Nancy nodded. “Who else knows when Maszak has finished the treatment?”

“The professor, me, and Dean Jarvis.”

“No one else? No students?”

“No. But the professor keeps a daily log of the experiment on his computer. I've never seen his entries.”

Nancy felt a faint twinge of excitement. “But someone could get into the program and find out that way,” she suggested.

Sara frowned. “I doubt it. There's a secret password. No one but the professor knows what it is.”

“It doesn't sound good for the professor,” Nancy muttered.

“I know,” Sara cried. “Ever since the CLT was first taken, I've tried to figure out who did it.” She paused and looked at Nancy pleadingly. “But I know one thing—there's no reason for Professor Maszak to take it.”

“You're probably right,” Nancy admitted. “Maszak has the most to lose if this gets out. And if he needed the CLT for unauthorized experiments, he could have found a better way to get it.”

Unless, she thought to herself, he got too greedy. Nancy remembered the telephone conversation
she had overheard. CLT was rare and valuable—Maszak said so himself. He also had a sick wife whose treatment was very expensive. Nancy didn't want to alarm Sara, but Maszak had a very good reason to steal the CLT: so he could sell it and pocket the money.

With Sara eliminated, Maszak became Nancy's number-one suspect. But that didn't explain the connection to POE.

Casually, Nancy rose and picked up the earring from Sara's dresser.

“This is a great earring,” she said, holding the bronze snake to her ear and modeling it in the mirror. “I've never seen one quite like it.”

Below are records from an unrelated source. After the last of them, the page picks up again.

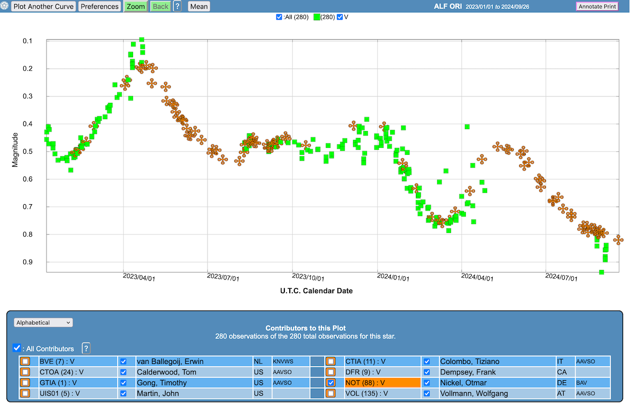danke für das Update. Auch ich habe Beteigeuze am 7. und 8.9. unter sehr guten Bedingungen (von 575 m Höhe in der Oberlausitz) mit nur jeweils +0,95 mag gemessen, das ist noch unter der provisorischen Lichtkurve der AAVSO. Am 28.8. waren es noch +0,87 mag und ausgangs der Wintersaison am 13. und 24.2. jeweils +0,72 mag. Im Januar 2024 war Beteigeuze noch deutlich heller und hatte im Mittel von Messungen an sieben Tagen +0,46 mag.
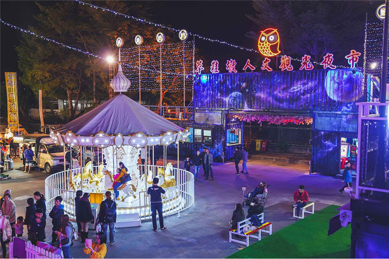 草鞋墩人文觀光夜市就是一個集美食、娛樂、購物、游戲于一體的觀光夜市,每當夜幕降臨的時候,就會有數百家商店點亮拉好的電燈,展示各式商品,人們則在燈光璀璨的景色中逛街購物。草屯貓頭鷹廣場是夜市中的一個小市集,由于炫酷的建筑效果成為了打卡熱點。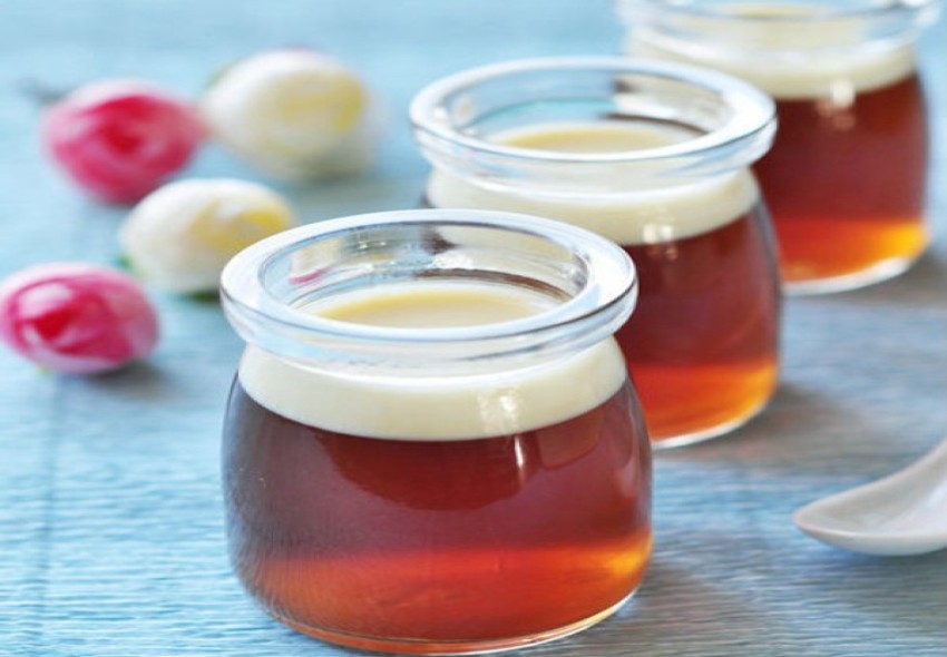 Cho hỗn hợp rau câu cà phê vào khuôn. Để nguội và cho vào tủ lạnh chờ rau câu đông đặc lại. Khi rau câu đã đông lạnh thì cho thêm 1 lớp sữa đặc có đường lên trên.

Sara sighed distractedly. “Oh, that's not mine. I found it in the lab this morning. It must belong to a POE member. I asked around in morning and afternoon science classes and I even put a note on the bulletin board, but no one's claimed it yet, so I brought it back here.”

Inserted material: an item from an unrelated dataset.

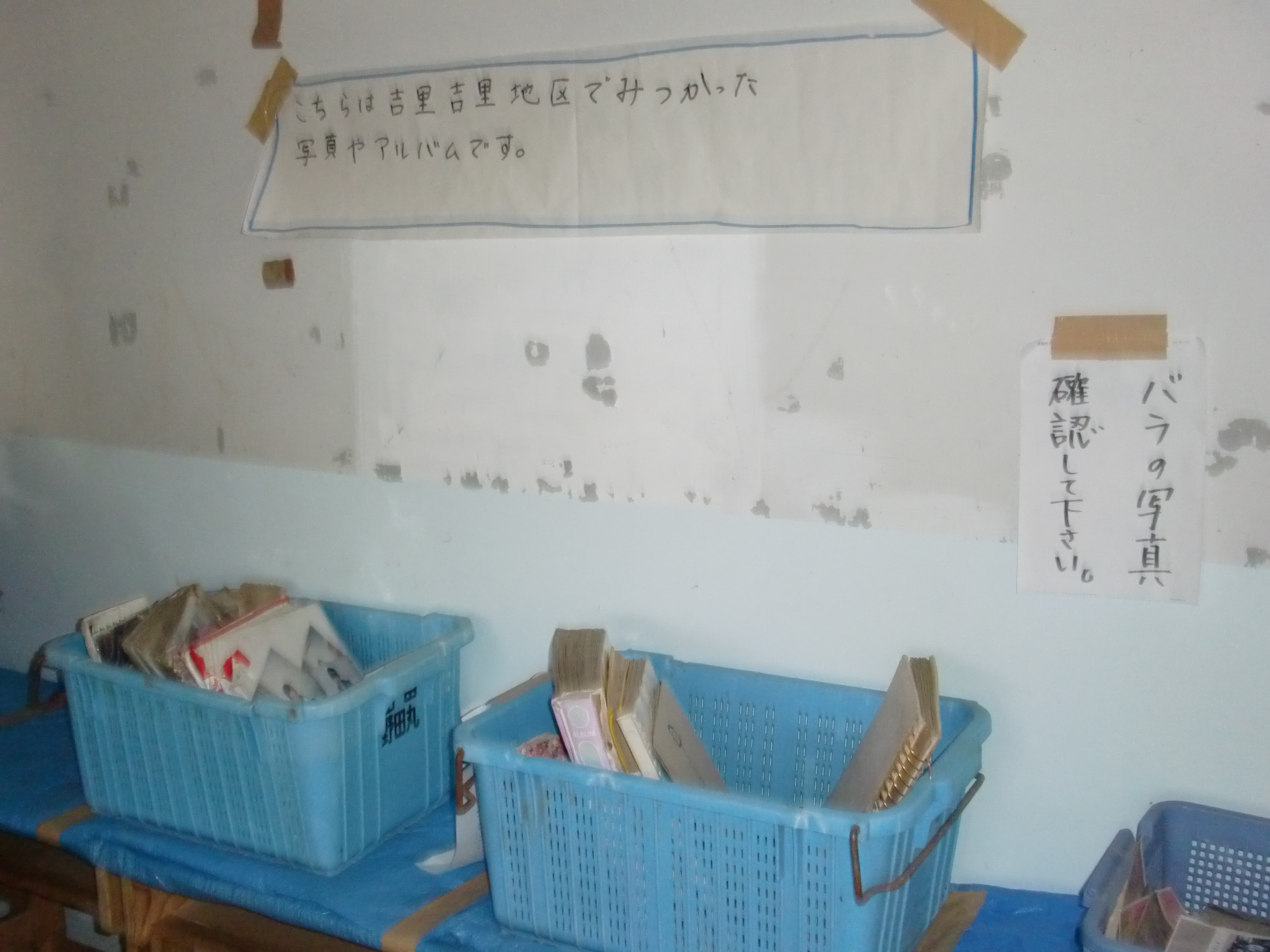 写真を分類して展示している様子

“Oh?” Nancy was intrigued. She turned to look at Sara. “Are there many POE members in your classes?”

“Oh, yes! Well, I mean, there are a couple hundred students in the lab each day. Freshman biology, advanced chemistry courses, there are tons of students in and out. Emerson requires everyone to complete two semesters of a lab science to graduate. The classes are extra popular
this year because of Professor Maszak's reputation.”

Nancy dangled the earring between her fingers. “Do you mind if I keep this until it's claimed?”

“No. I'll call you if I need it back. Maybe tomorrow—” Sara stopped suddenly.

“Is something wrong?” Nancy asked, concerned.

“Tomorrow.” Sara turned her face toward Nancy's. “The professor got his new CLT two days ago. He'll be finished treating it tomorrow. That means—”

“If the thief is going to strike again, it will happen tomorrow,” Nancy finished for her. She placed a hand on Sara's shoulder. “Don't worry. This time, we'll stop the person, whoever it is.”

As Nancy headed back to her dorm, she wished she was as sure of herself as she had tried to make Sara believe. She had only one day to stop the thief. She was going to have to come up with some answers, and fast.

After a quick dinner, Nancy returned to her room where she collapsed in a chair. It was late, and her head was beginning to ache where she'd been hit. She decided to take a shower and go to bed. Ned had a late practice, so they wouldn't be seeing each other until the next day.

As she went to the closet to grab her robe, Nancy noticed the doorknob on the closet door was smeared with a brownish film. She hadn't seen it that morning when she left.

Uneasily, she wondered what it could be. She checked the rest of the room quickly, but nothing had been disturbed. It was probably nothing, but then again, she wasn't about to take any chances.

Looking around, Nancy spotted a pencil on her bedside table. She picked it up. Going back to the closet, she paused. Gingerly, holding the pencil away from her body, she bent the tip to scrape off a dab of the film. That way, she could examine it.

Nancy gingerly touched the pencil point to the doorknob. But the instant the tip touched the brown film, there was a huge flash. Then, with a thunderous boom, the door exploded off its hinges and came crashing—right at Nancy.